Start of Records shown
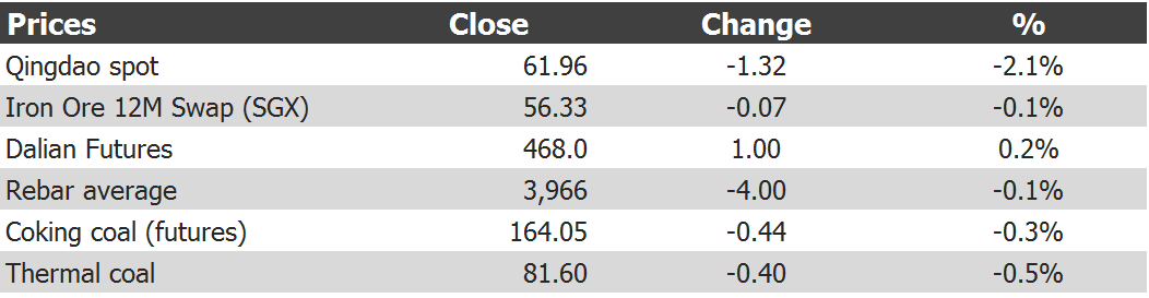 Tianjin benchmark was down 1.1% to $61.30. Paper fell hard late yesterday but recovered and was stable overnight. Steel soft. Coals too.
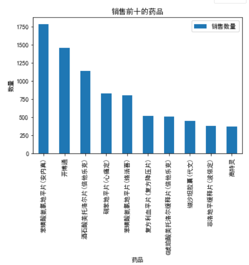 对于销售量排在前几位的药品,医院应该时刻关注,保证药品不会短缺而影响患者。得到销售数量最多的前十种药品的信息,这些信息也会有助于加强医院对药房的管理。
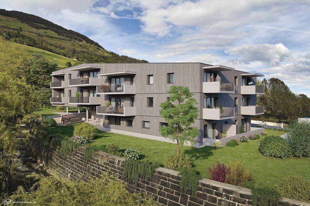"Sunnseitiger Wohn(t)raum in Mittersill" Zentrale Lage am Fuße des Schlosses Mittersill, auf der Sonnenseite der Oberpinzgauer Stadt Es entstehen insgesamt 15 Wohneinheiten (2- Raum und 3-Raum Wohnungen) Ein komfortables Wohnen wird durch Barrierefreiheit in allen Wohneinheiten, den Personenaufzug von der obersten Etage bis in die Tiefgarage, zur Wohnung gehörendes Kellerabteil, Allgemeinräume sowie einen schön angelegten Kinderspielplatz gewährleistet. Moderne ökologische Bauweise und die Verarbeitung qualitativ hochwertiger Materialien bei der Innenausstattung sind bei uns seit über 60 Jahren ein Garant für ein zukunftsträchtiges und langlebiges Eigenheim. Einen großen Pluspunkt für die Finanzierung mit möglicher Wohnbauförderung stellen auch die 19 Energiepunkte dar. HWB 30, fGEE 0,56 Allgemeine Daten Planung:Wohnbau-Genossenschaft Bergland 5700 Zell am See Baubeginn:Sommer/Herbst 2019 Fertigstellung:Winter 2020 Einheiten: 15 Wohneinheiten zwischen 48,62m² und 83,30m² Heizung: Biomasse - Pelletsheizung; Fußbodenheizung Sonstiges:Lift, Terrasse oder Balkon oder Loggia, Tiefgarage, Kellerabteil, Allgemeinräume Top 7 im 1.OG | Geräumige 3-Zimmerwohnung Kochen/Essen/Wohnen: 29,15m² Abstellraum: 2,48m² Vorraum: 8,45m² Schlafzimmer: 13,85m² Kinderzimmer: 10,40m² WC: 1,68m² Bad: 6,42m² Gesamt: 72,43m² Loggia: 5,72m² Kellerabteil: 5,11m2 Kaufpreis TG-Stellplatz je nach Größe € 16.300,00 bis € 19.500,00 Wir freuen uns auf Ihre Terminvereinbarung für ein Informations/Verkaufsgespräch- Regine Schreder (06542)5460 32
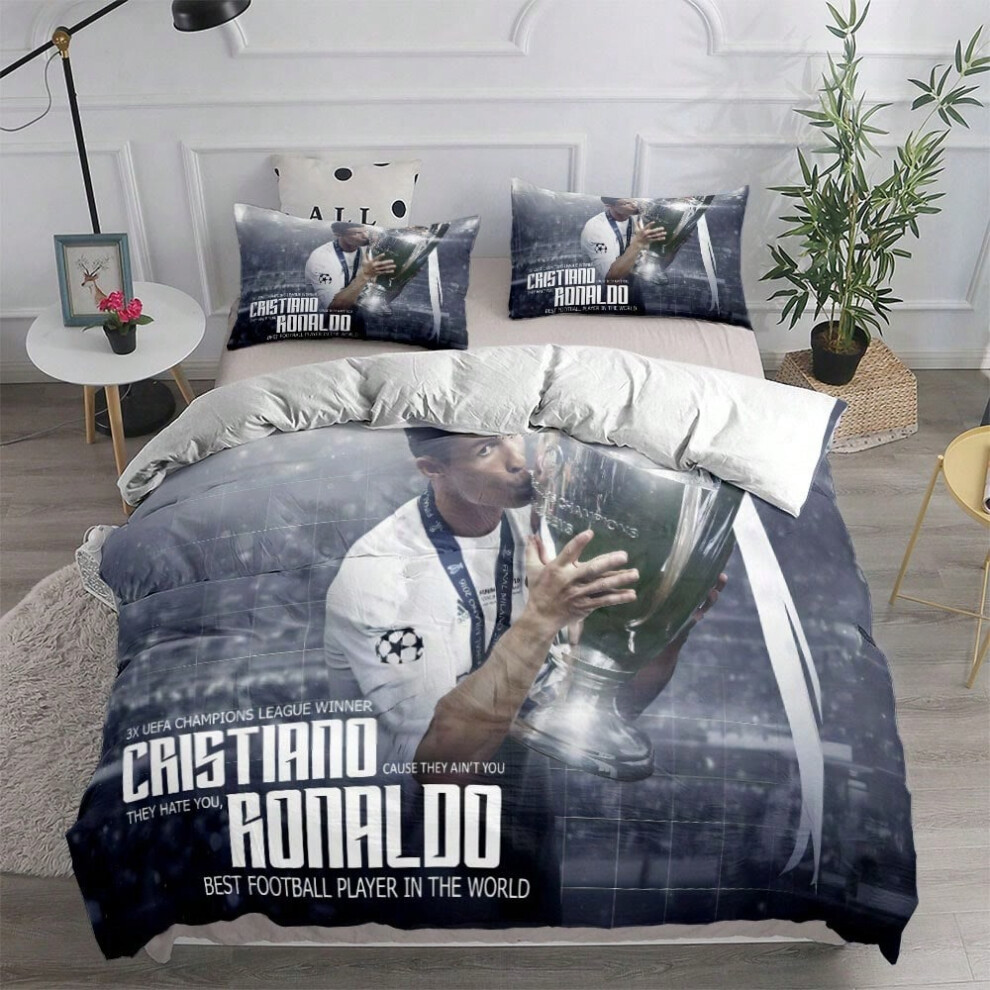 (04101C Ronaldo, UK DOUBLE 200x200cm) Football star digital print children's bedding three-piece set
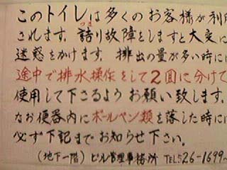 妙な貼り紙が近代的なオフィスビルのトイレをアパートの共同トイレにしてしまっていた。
End of Records shown
Start of Records shown
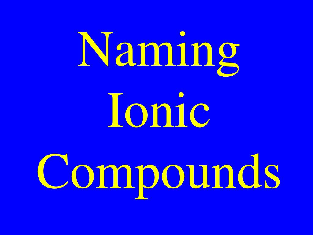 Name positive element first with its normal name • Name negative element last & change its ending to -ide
End of Records shown
- Problem requirements
Please copy out from the data above, without any picture, exactly the lines running from the one that holds "Tianjin benchmark was" through the one that holds "对于销售量排在前几位的药品,医院应该时刻", and nothing beyond them.

- Task answer
 Tianjin benchmark was down 1.1% to $61.30. Paper fell hard late yesterday but recovered and was stable overnight. Steel soft. Coals too.
 对于销售量排在前几位的药品,医院应该时刻关注,保证药品不会短缺而影响患者。得到销售数量最多的前十种药品的信息,这些信息也会有助于加强医院对药房的管理。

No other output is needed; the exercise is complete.